TASK DIRECTIONS:
Only the lines below between the ones containing "黒水牛印鑑(送料無料 10年保証) ●特徴" and "UNILADY(ユニレディ) / ヤギ【5号〜19号】", inclusive, are to be reproduced, each exactly as it stands.

THE RECORDS:
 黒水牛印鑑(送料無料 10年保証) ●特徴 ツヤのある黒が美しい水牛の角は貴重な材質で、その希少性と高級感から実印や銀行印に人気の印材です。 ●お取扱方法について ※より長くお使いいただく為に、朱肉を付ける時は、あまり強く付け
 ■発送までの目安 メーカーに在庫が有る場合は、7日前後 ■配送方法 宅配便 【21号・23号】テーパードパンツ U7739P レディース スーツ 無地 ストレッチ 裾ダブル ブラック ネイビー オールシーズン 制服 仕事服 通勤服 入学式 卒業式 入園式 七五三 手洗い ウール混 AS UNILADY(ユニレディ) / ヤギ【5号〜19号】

...

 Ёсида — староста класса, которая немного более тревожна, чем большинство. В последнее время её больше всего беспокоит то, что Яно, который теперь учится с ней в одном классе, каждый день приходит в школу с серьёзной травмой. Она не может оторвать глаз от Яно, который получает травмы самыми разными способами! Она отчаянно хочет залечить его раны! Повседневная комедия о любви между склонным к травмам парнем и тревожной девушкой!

* * *

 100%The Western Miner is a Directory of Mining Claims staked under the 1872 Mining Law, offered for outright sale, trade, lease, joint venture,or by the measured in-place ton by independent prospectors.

REPLY:
 黒水牛印鑑(送料無料 10年保証) ●特徴 ツヤのある黒が美しい水牛の角は貴重な材質で、その希少性と高級感から実印や銀行印に人気の印材です。 ●お取扱方法について ※より長くお使いいただく為に、朱肉を付ける時は、あまり強く付け
 ■発送までの目安 メーカーに在庫が有る場合は、7日前後 ■配送方法 宅配便 【21号・23号】テーパードパンツ U7739P レディース スーツ 無地 ストレッチ 裾ダブル ブラック ネイビー オールシーズン 制服 仕事服 通勤服 入学式 卒業式 入園式 七五三 手洗い ウール混 AS UNILADY(ユニレディ) / ヤギ【5号〜19号】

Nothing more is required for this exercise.